- The World Bank and IMF meetings from Oct. 14-20 will include discussions on protecting biodiversity and the importance of investing in nature.
- A recent U.N. report found that more than 1 million species of plants and animals face extinction.
- In a conversation with Mongabay, Robert Watson, who chaired the Intergovernmental Science-Policy Platform on Biodiversity and Ecosystem Services that produced the report, discusses the economic value of biodiversity.

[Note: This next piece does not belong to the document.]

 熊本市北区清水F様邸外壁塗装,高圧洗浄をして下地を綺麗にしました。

The World Bank and the International Monetary Fund are holding their annual meetings this week, Oct. 14-20, in Washington, D.C. Amid the discussions around jobs, poverty reduction and value chains, one of the talks will center on a seemingly unusual topic for the bankers, economists and finance ministers in attendance: biodiversity.

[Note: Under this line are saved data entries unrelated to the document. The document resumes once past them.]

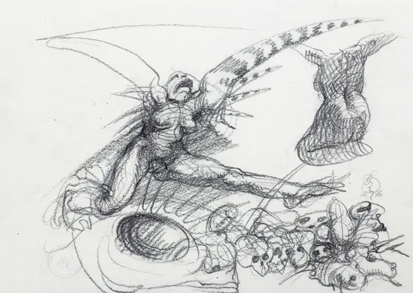 na odwr. p.d. okrągła pieczątka z monogramem artysty i napisem w otoku: Z rysunków Franciszka Starowieyskiego, niżej pieczątka: Potwierdzam autentyczność | [podpis dłg.:] T. Starowieyska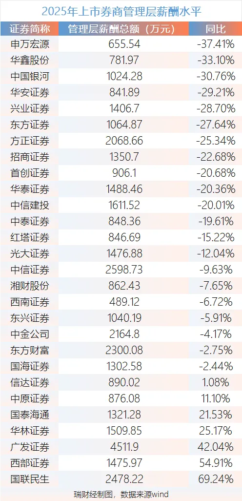 瑞财经统计的28家上市券商当中,共有21家券商管理层薪酬下滑了。其中,2025年,申万宏源管理层薪酬655.54万元,同比下降了37.41%,幅度较高。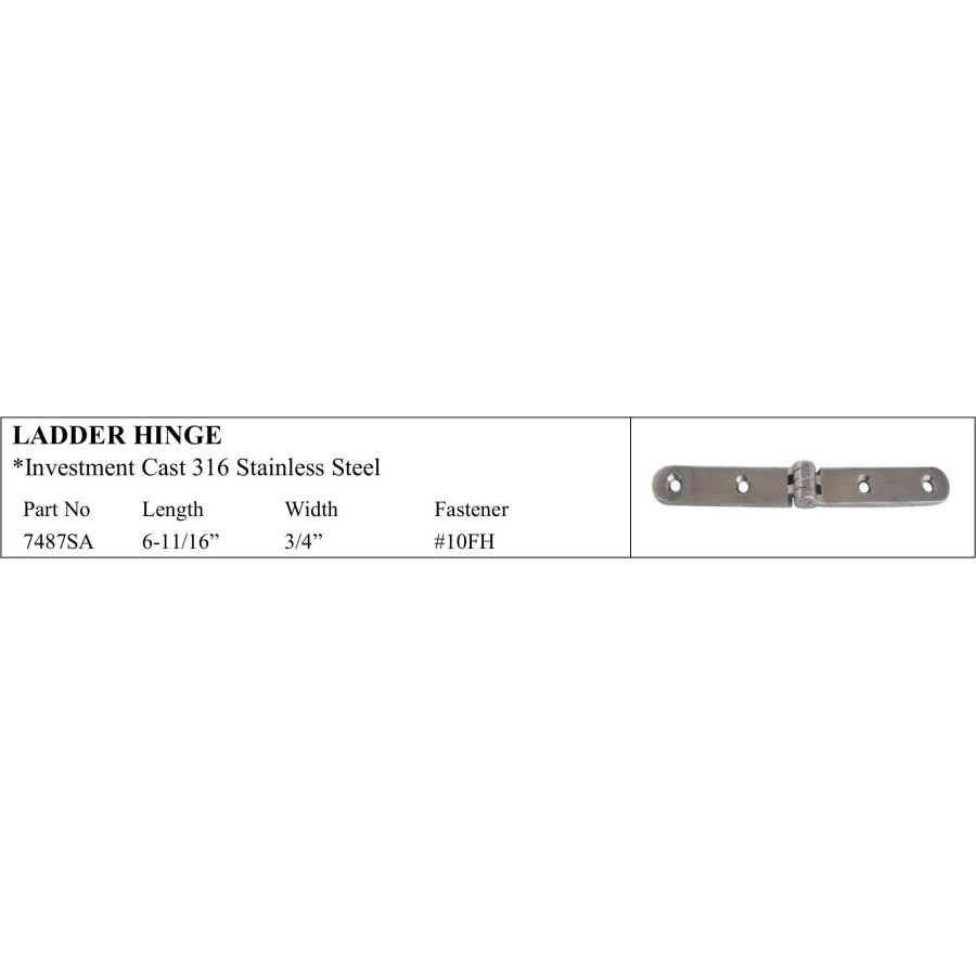 *Investment Cast 316 Stainless Steel Part No Length Width Fastener 7487SA 6-11/16” 3/4” #10FH

Myriad species of plants, animals and other forms of life support valuable services on which people and economies rely, ranging from medicines and food to clean air and water. But according to a recent report from the United Nations’ Intergovernmental Science-Policy Platform on Biodiversity and Ecosystem Services, or IPBES, the threat of extinction looms for as many as 1 million species of plants and animals.
That makes now the time to invest in protecting this “natural capital,” says Robert Watson, an environmental scientist who until recently helmed the IPBES. Not only will stemming the loss of global biodiversity benefit the world’s poor who depend on these services for daily survival — a significant ethical issue, to be sure, Watson pointed out. But bolstering protections for the wide range of life on Earth is also critical to the global economy, as well as its ability to ride out the future shocks that a changing world may bring.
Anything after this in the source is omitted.